* **EXERCISE**:
When you reach the line below that has "Klänningen har en", start returning lines exactly, and stop after the line that has "薩馬蘭奇出席雅典奧運賽艇頒獎儀式"; skip the pictures.

* **DATASET EXCERPT**:
=== Begin Enclosure ===
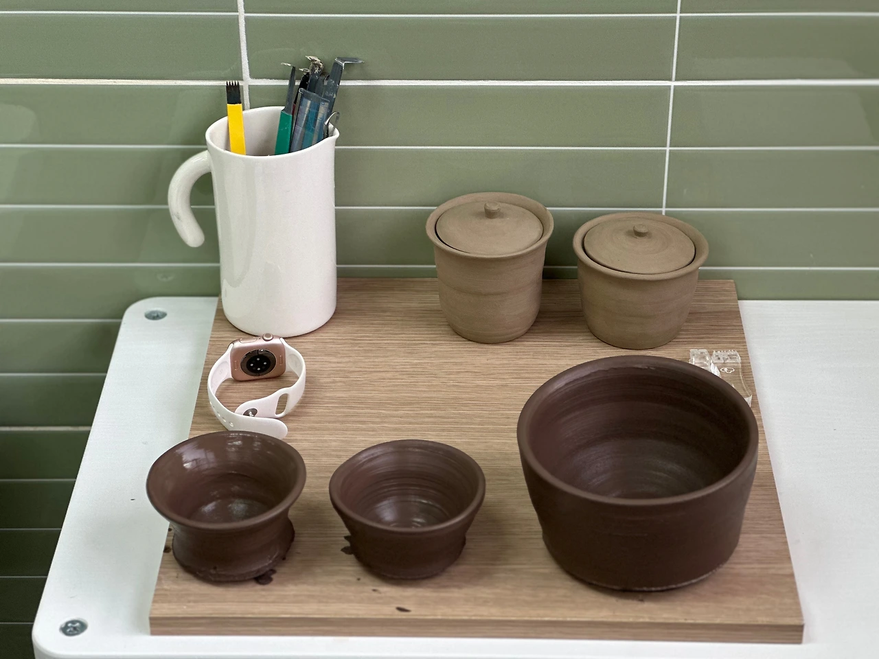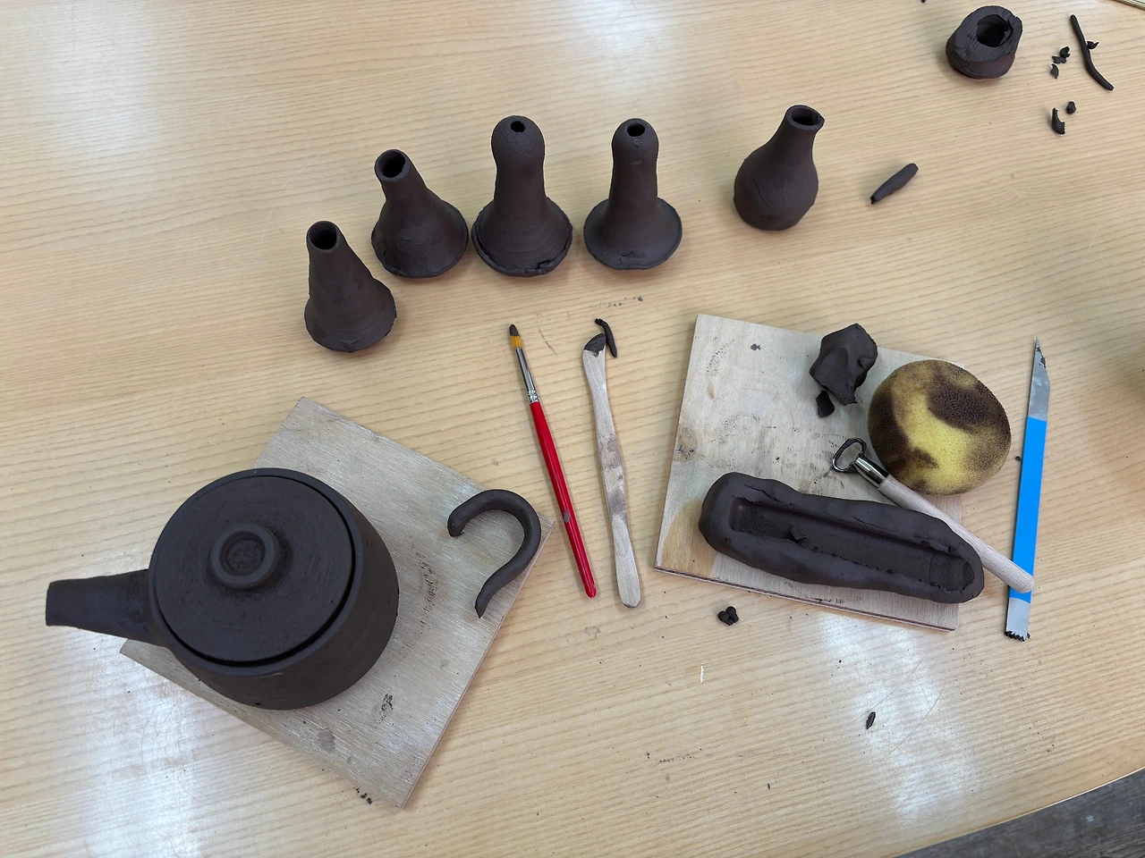주전자는 지금까지 만들었던 것 중에 가장 어려웠다. 뚜껑, 손잡이, 주둥이, 파트토 가장 많고 쓸만한 형태로 만들어야 하다 보니 그립감도 신경 써야 하는데 생각만큼 잘되진 않았다. 아직 말랑한 흙 상태에서 어떻게 붙어야 편한 각도와 모양인지 상상하기가 어렵다고 할까.. 그래도 새로운 도전이라 즐겁다.
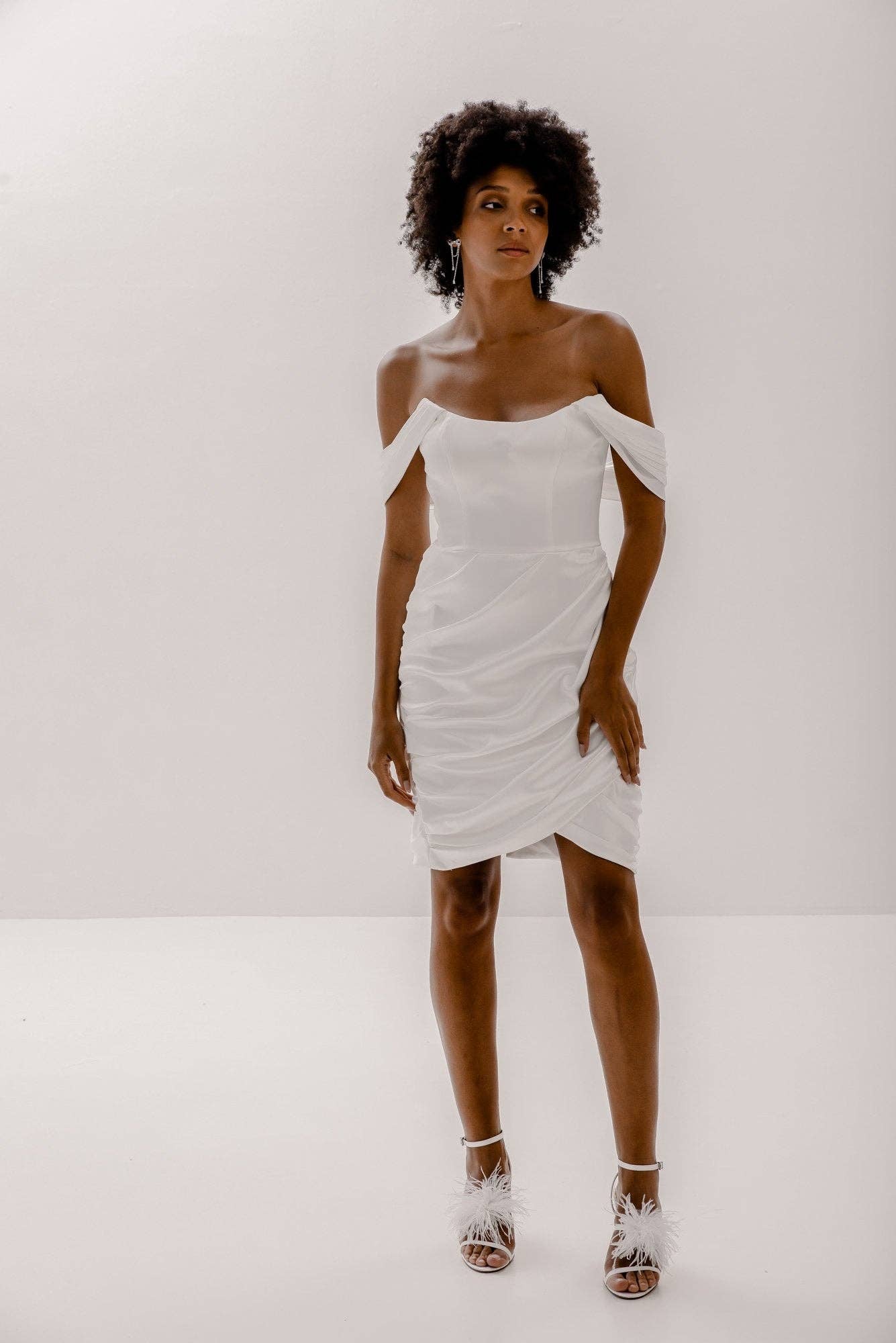 Klänningen har en djup V-ringning och en offwhite fodring. Det helt pärlade tyllöverlaget ger en elegant känsla, medan den korta, flödande kjolen skapar en smickrande och romantisk siluett.
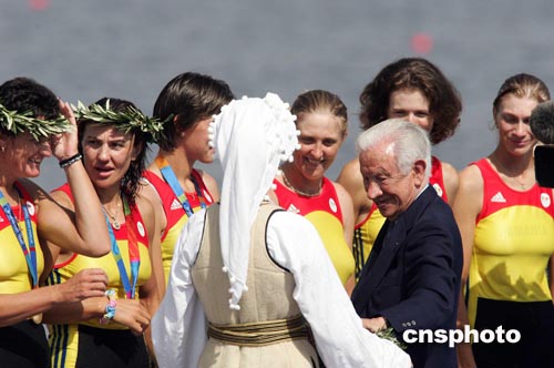 薩馬蘭奇出席雅典奧運賽艇頒獎儀式
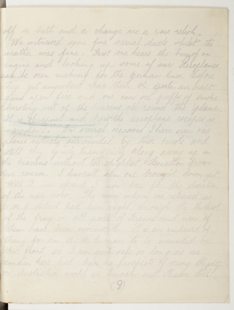 We witnessed some fine aerial duels whilst the weather was fine. First one hears the buzz of an engine and looking up some of our Aeroplanes can be seen making for the German lines. Before they get anywhere near them the Anti-aircraft guns open fire and one can see
=== End Enclosure ===
* **RESULT OF THIS TASK**:
 Klänningen har en djup V-ringning och en offwhite fodring. Det helt pärlade tyllöverlaget ger en elegant känsla, medan den korta, flödande kjolen skapar en smickrande och romantisk siluett.
 薩馬蘭奇出席雅典奧運賽艇頒獎儀式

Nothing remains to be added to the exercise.